Violation | Percentage of fat |
---|---|
Baguette | 0,7 |
semi-white bread | 0,7 |
White bread | 1,0 |
rue bread | 1,3 |
five grain bread | 1,5 |
Clay bread | 1,5 |
crispbread | 2,0 |
Weggli | 2,4 |
Linseed bread | 4,1 |
toast | 5,5 |
whole grain toast | 7,0 |
wholemeal rusk | 7,0 |
Zwieback | 8,0 |
Braid | 10,0 |
Sesame crispbread | 13,1 |
summit | 22,0 |
Fat in poultry, fish and eggs
Poultry and fish are excellent sources of protein. Most representatives contain very little fat. In terms of price, fish and chicken are also well below comparable meat products. The main source of fat in poultry is the skin, which is particularly tasty and rich in vitamins, but contains a lot of fat. It should be particularly emphasized that fatty acids, such as those found in fish and seafood ( omega-3 fatty acids ), can reduce the development of cardiovascular diseases ( heart attack , “hardening of the arteries”).

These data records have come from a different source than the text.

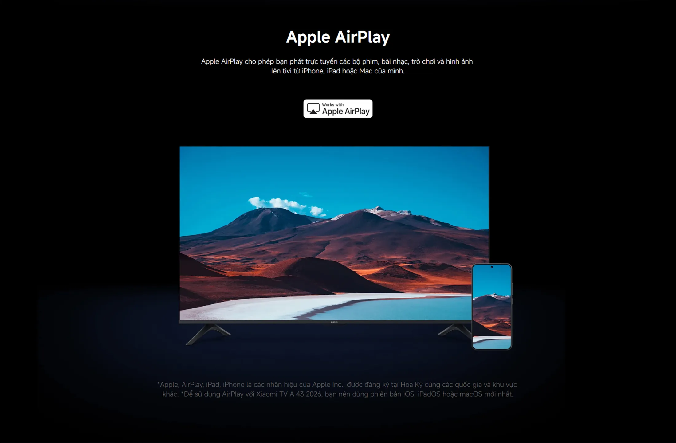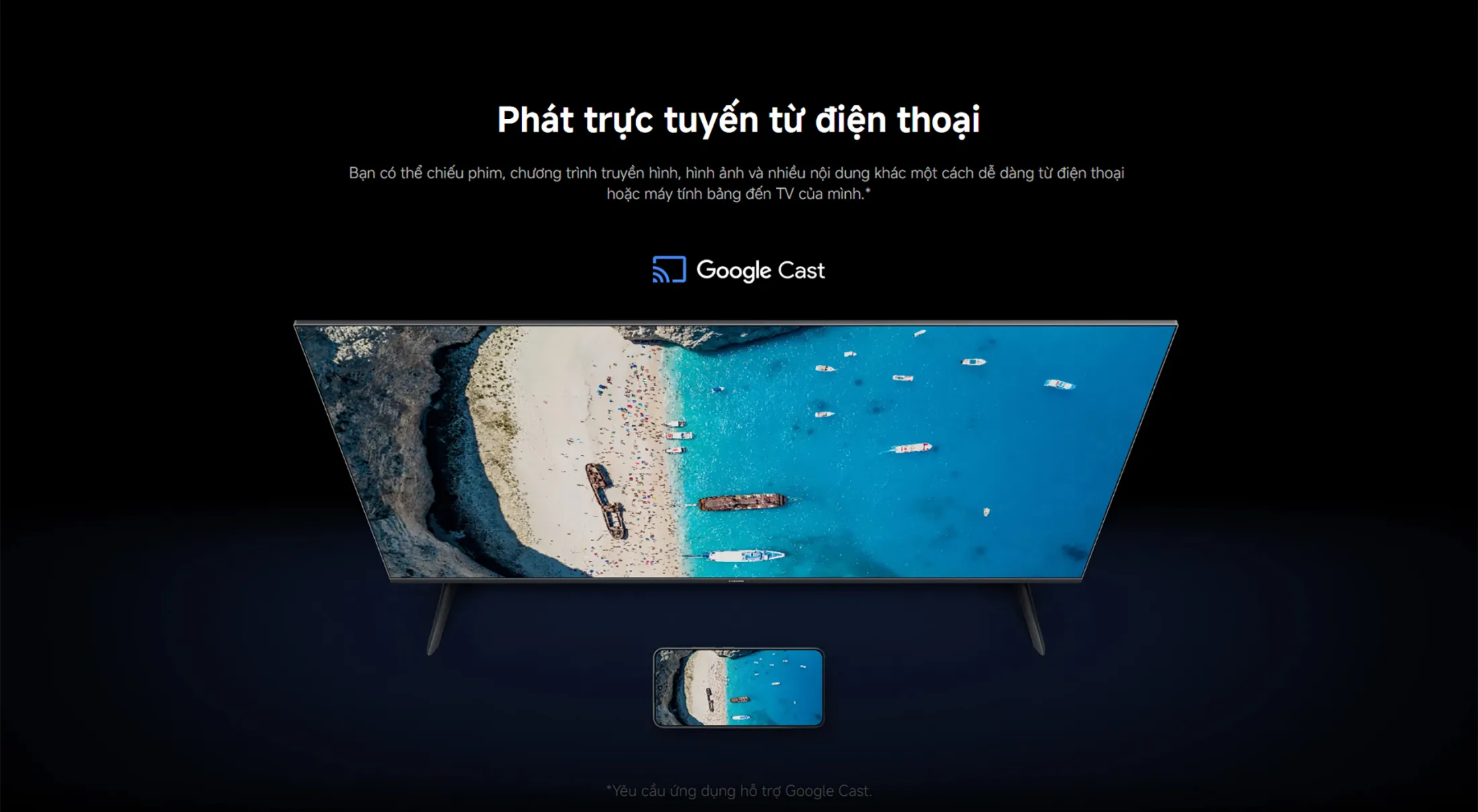 - Phát trực tuyến từ điện thoại: Hỗ trợ Google Cast và Apple AirPlay, giúp chiếu nội dung từ thiết bị di động lên TV một cách liền mạch.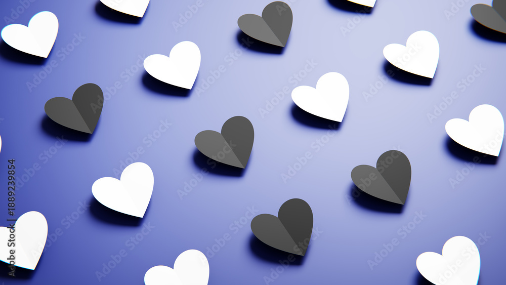 Delicate blue paper hearts layered on a vibrant red background, symbolizing love and affection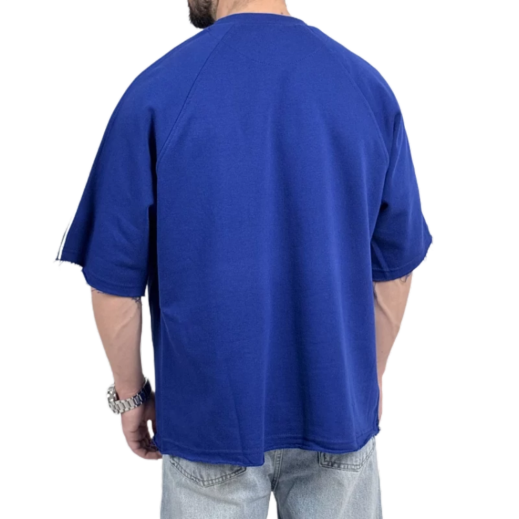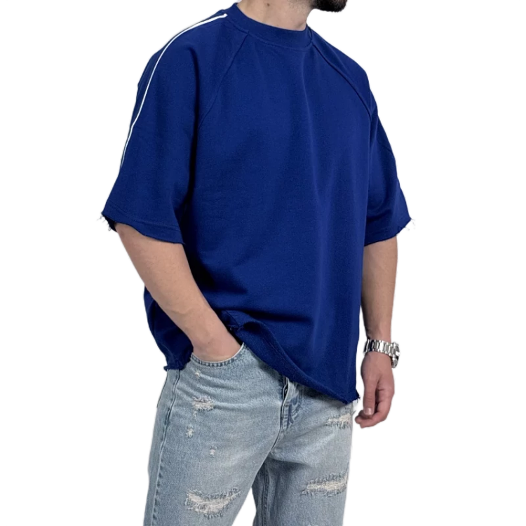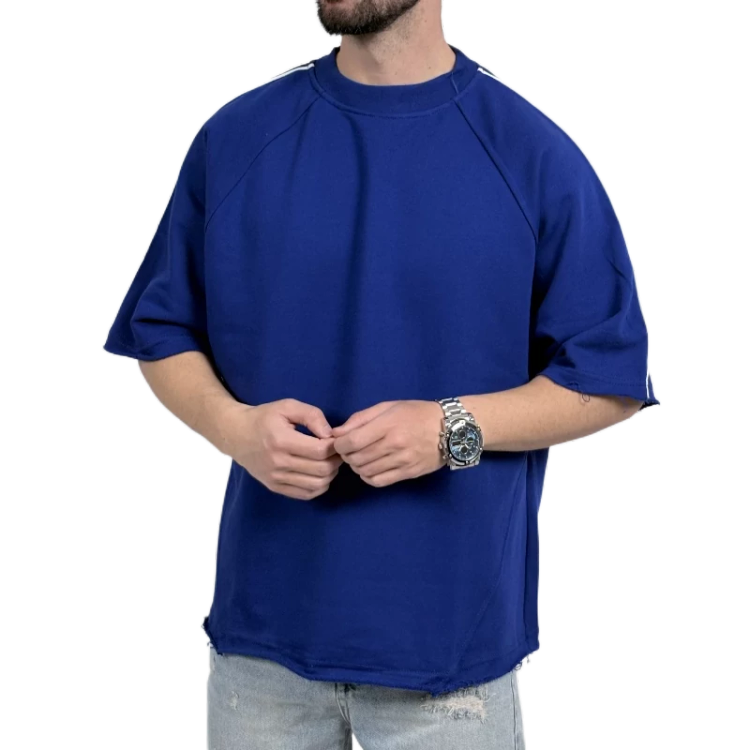 تیشرت ساده باکسی مردانه آبی مدل نواری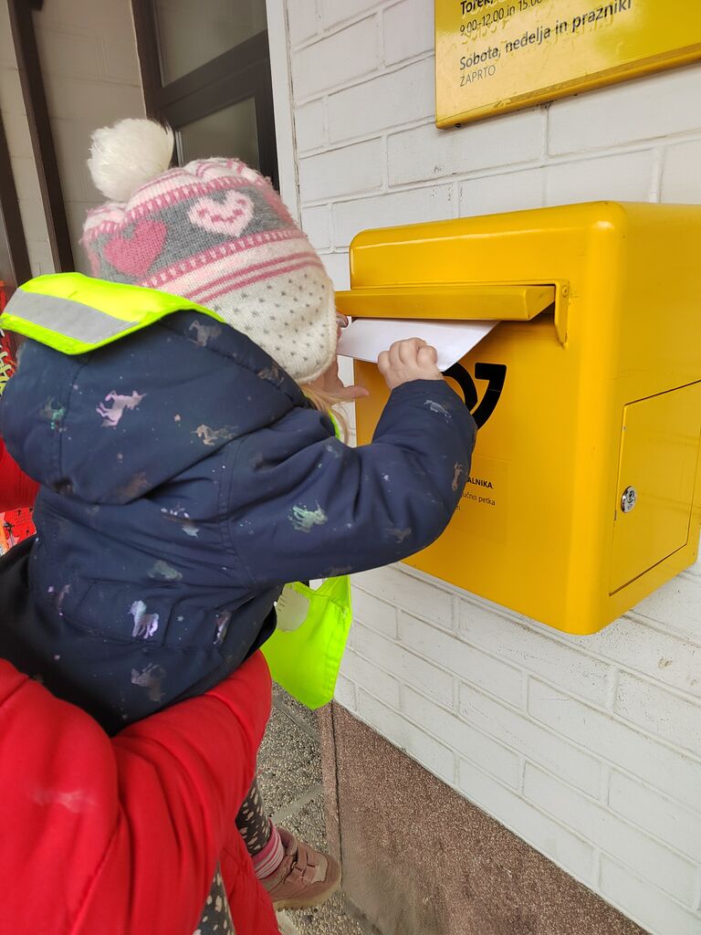 Otroci so izdelali svoje poštne nabiralnike ter pripravili pravo razstavo unikatnih izdelkov. Na sprehodih po bližnji okolici smo iskali poštne nabiralnike. Ogledali pa smo si tudi dve pošti.

This makes fish particularly healthy, which is why fish should be eaten at least twice a week.
That eggs (especially the yolk) are high in fat (and cholesterol ) seems to be a well-known fact. However, the sometimes very different recommendations regarding the maximum weekly consumption of eggs show that the experts do not agree. There is no doubt that excessive egg consumption is not healthy. Enjoyed in moderation, however, the egg is an excellent source of vitamins and also contains the highest quality protein of all.
fat content of sweets
The fat content in sweets is a bit of a problem because it is usually associated with refined white sugar. This mixture is particularly rich in energy, which promotes the storage of fat in the adipose tissue. Chocolate , marzipan  and nougat contain a particularly large amount of sugar and fat. Although these products are not inherently unhealthy (they mainly contain vegetable fats), one should be aware of the consequences of excessive consumption.
Ice cream, which is available in shops, often contains only moderate fat, because milk powder and similar products are used for the production, not cream.